Problem statement >>
Your answer must be the exact lines of the listing below that run from the line with "6.嚴選頂級α-33耐熱玻璃,不含雙酚A&S、塑化劑,耐高溫600˚C。" to the line with "福田火星9火星7大将军驭途皮", ends included, and no pictures.

Information >>

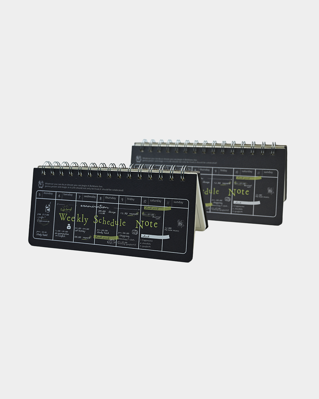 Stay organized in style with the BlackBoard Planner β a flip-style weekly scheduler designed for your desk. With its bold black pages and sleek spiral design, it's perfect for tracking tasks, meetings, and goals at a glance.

* * *

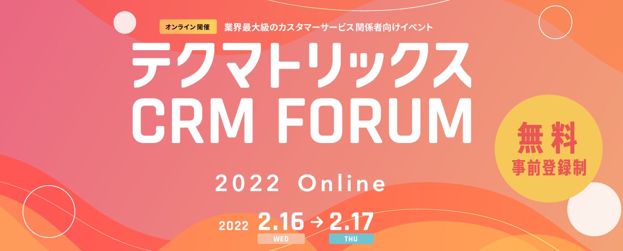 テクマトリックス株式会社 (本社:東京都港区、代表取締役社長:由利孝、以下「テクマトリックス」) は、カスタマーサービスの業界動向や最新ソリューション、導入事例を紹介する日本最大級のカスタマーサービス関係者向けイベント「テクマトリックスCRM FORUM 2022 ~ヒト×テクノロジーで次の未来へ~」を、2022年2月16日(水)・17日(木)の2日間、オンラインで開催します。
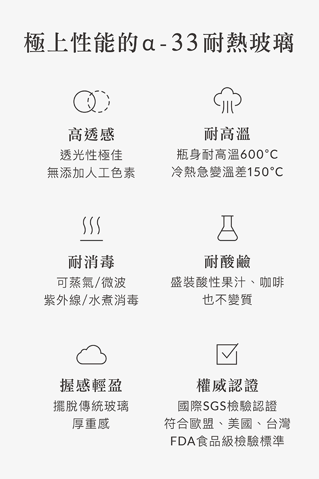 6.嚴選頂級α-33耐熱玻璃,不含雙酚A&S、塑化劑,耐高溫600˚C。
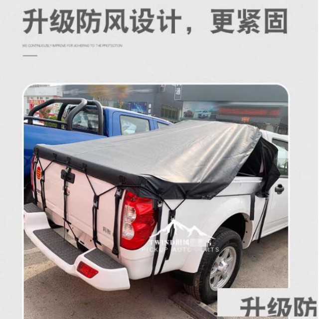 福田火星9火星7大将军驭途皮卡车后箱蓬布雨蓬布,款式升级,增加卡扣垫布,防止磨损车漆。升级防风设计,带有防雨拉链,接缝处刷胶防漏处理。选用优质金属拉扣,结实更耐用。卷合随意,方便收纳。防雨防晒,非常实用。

Finished exercise >>
 6.嚴選頂級α-33耐熱玻璃,不含雙酚A&S、塑化劑,耐高溫600˚C。
 福田火星9火星7大将军驭途皮卡车后箱蓬布雨蓬布,款式升级,增加卡扣垫布,防止磨损车漆。升级防风设计,带有防雨拉链,接缝处刷胶防漏处理。选用优质金属拉扣,结实更耐用。卷合随意,方便收纳。防雨防晒,非常实用。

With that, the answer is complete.